Meeting for the first time in front of the bright, relentless flash of cameras at the World Economic Forum in Davos, Switzerland, Greta was heard telling Prince Charles: "I guess you're very used to this."
To which he replied, "This has taken many years to get used to."
"I'm still not used to it," Greta told him.
Prince Charles had high praise for the teen climate activist, while also admitting he didn't want his grandchildren Princes George and Louis, Princess Charlotte and little Archie, to grow up thinking he hadn't done enough to try and save the planet.
"Well [Greta's] remarkable," Charles told the CNN.
"She represents one of the main reasons why I've been trying to make this effort all of these years, because, as I said, I didn't want my grandchildren to accuse me of not doing something about this in time.
Adding, "And of course there they are, all her generation, almost my grandchildren if you know what I mean, all desperate because not nearly enough has happened – we've left it so late."
Prince Charles drove approximately 128km from St Gallen to Davos in a fully electric Jaguar I-Pace to attend the summit, where he introduced a Sustainable Markets Initiative.
The 71-year-old who has been actively involved in environmental issues for more than 50 years said in an address that 2020 must be the year "that we put ourselves on the right track".
"Just think for a moment, what good is all the extra wealth in the world gained from business as usual if you can do nothing with it except watch it burn in catastrophic conditions," he asked.
"This is why I need your help, your ingenuity and your practical skills to ensure that the private sector leads the world out of the approaching catastrophe into which we have engineered ourselves."
Adding, "We simply cannot waste any more time. The only limit is our own willingness to act. The time to act is now."
Prince Charles' involvement in environmental issues and concern for the planet is also something he passed down to his sons Prince William and Prince Harry.
In the documentary Prince, Son and Heir: Charles at 70, William and Harry said that even from a young age their father instilled environmental values in them. In fact, the two princes admitted that he even took them litter picking on holidays.
"He took us litter-picking when we were younger, on holiday," Prince William confessed.

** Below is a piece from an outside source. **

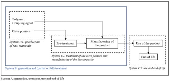 The ISO 14044 [49] states that the system boundary is a “set of criteria specifying which unit processes are part of a product system”. In order to focus on the impacts related to the development of a new biocomposite made from OP as filler, and PP or PE, respectively, as thermoplastic matrix, a “cradle-to-gate” approach life cycle assessment was carried out. This study is centered on the generation of the raw materials and manufacturing of the biocomposites. In Figure 2, system A shows the completed life cycle of the biocomposite; system B comprehends the generation of the raw materials, and the manufacturing process of the composite; system C1 shows the production of the raw materials used in the process; system C2 shows the manufacturing process of the product and the necessary pretreatment (i.e., drying, milling, etc.) to prepare the OP fraction. Finally, system C3 includes the use and end of life of the product. It is important to mention that system B comprehends the complete system boundary of the LCA herein. Namely, the system studied takes into account the production of all the raw materials needed (i.e., OP, PP, PE, and the coupling agents added to the compound to reinforce the matrix/filler interface), and the production of both composites.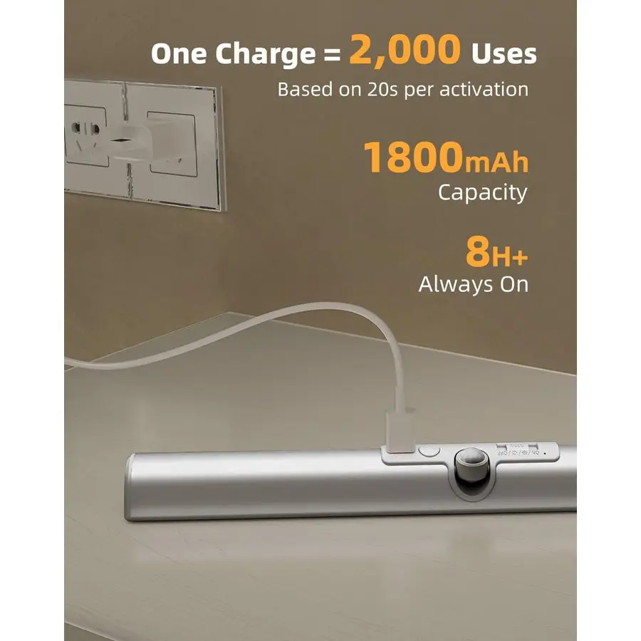LongLasting amp Rechargeable Closet Light Powered by a builtin 1800mAh battery, this rechargeable closet light lasts 3045 days in Auto modeabout 2,000 activations per charge. It also runs for 8 hours continuously in AlwaysOn mode. Recharge quickly and easily via the included USBC cable.

"We were in Norfolk on school holidays… And again, both of us thought, 'Well this is perfectly normal, everyone must do it'. We were there with our spikes, stabbing the rubbish into plastic bags."

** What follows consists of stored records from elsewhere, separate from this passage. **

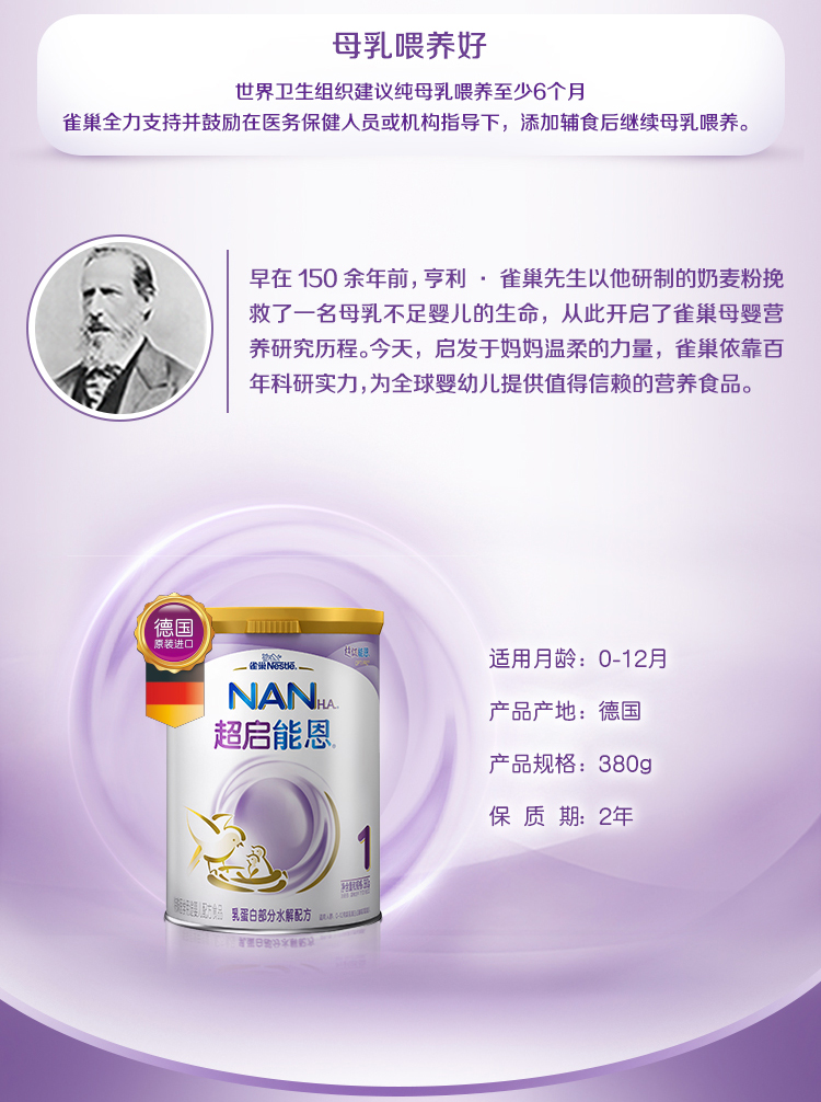 【小罐】雀巢超启1段进口婴幼儿牛奶粉380g罐装/QUC-56942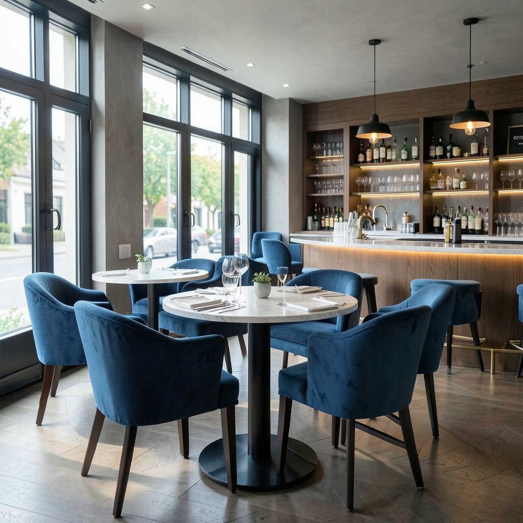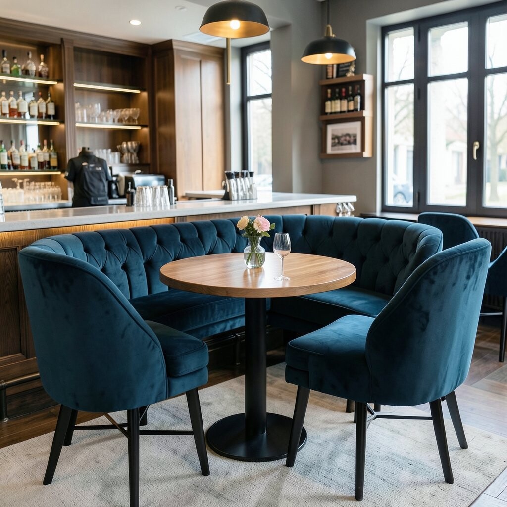They come in rich colors like emerald green or royal blue. Use them to create a luxurious atmosphere in your bar area.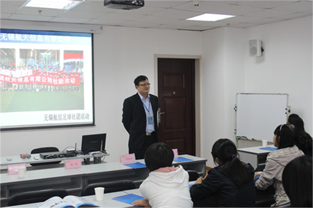 电信系12级新生到无锡航天信息有限公司参观学习公司领导为同学们介绍行业发展情况10月18日下午,我院电信系组织12级计算机应用(财务软件)班学生到校企合作单位——无锡航天信息有限公司参观学习。电信系计算机教研室教师丁一博士带队参加了交流活动。

Prince Harry added that he used to get the "mickey" taken out of him at school for picking up rubbish.
They also shared they have adopted the habit of always turning off light switches when they leave the room, which Harry even admitted at first confused his wife Duchess Meghan when they moved in together.
The brothers explained that while turning off the lights was a very small action, small actions that can be taken when it comes to helping to decrease the impact on the environment can have a big payoff in the long run.
"All of a sudden it becomes a habit and those small habit changes [father] is making, every single person can do," Prince Harry said.
"And I think it's one of the key lessons that [Prince Charles] taught us."